Set down the entries below exactly, leaving out all images.

:: Source information ::

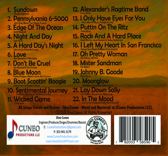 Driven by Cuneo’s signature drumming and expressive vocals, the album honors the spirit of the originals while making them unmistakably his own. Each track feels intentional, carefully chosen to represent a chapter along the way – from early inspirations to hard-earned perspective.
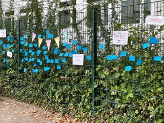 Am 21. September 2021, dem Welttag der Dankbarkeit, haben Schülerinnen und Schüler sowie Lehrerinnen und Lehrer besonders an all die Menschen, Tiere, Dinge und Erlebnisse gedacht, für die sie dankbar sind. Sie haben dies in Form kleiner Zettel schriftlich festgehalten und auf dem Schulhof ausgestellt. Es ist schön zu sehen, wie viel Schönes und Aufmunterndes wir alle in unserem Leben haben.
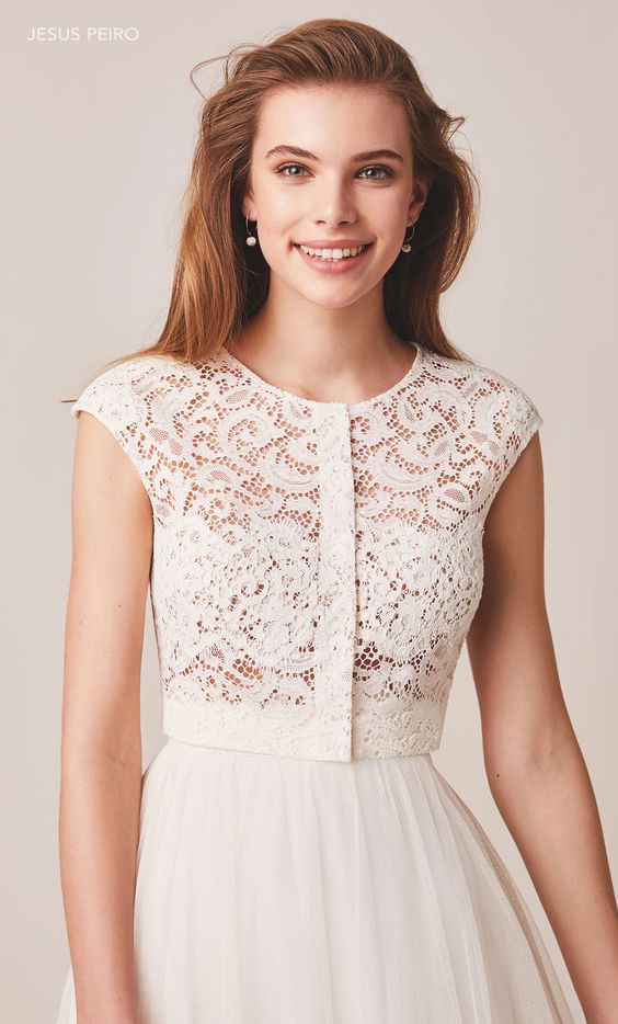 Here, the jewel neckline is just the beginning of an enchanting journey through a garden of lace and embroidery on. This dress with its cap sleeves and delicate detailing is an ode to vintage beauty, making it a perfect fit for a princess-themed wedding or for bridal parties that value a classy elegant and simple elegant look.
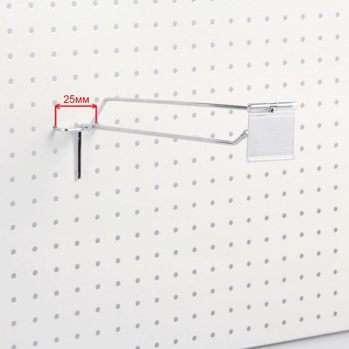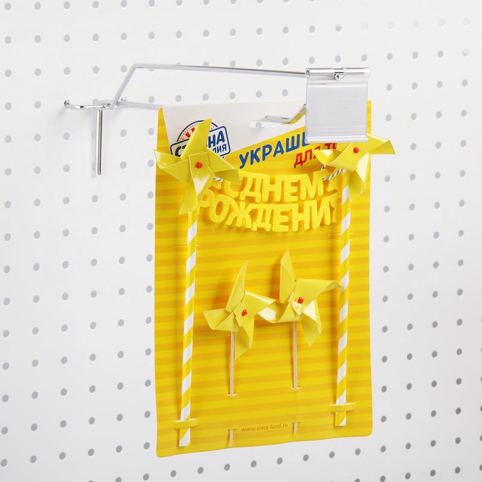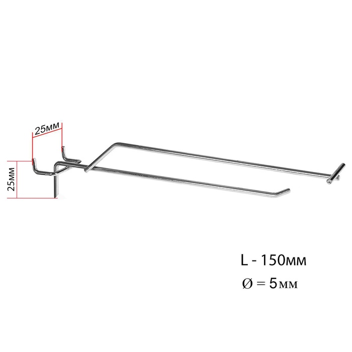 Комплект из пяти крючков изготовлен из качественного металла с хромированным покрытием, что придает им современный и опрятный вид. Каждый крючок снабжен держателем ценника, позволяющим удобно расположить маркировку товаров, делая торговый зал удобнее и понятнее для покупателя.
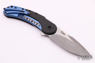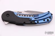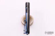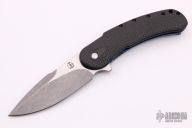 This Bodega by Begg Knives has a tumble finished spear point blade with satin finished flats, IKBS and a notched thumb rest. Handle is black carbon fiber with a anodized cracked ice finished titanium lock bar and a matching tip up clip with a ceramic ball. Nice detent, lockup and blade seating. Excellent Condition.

:::

■ **Answer to this problem**
 Driven by Cuneo’s signature drumming and expressive vocals, the album honors the spirit of the originals while making them unmistakably his own. Each track feels intentional, carefully chosen to represent a chapter along the way – from early inspirations to hard-earned perspective.
 Am 21. September 2021, dem Welttag der Dankbarkeit, haben Schülerinnen und Schüler sowie Lehrerinnen und Lehrer besonders an all die Menschen, Tiere, Dinge und Erlebnisse gedacht, für die sie dankbar sind. Sie haben dies in Form kleiner Zettel schriftlich festgehalten und auf dem Schulhof ausgestellt. Es ist schön zu sehen, wie viel Schönes und Aufmunterndes wir alle in unserem Leben haben.
 Here, the jewel neckline is just the beginning of an enchanting journey through a garden of lace and embroidery on. This dress with its cap sleeves and delicate detailing is an ode to vintage beauty, making it a perfect fit for a princess-themed wedding or for bridal parties that value a classy elegant and simple elegant look.
 Комплект из пяти крючков изготовлен из качественного металла с хромированным покрытием, что придает им современный и опрятный вид. Каждый крючок снабжен держателем ценника, позволяющим удобно расположить маркировку товаров, делая торговый зал удобнее и понятнее для покупателя.
 This Bodega by Begg Knives has a tumble finished spear point blade with satin finished flats, IKBS and a notched thumb rest. Handle is black carbon fiber with a anodized cracked ice finished titanium lock bar and a matching tip up clip with a ceramic ball. Nice detent, lockup and blade seating. Excellent Condition.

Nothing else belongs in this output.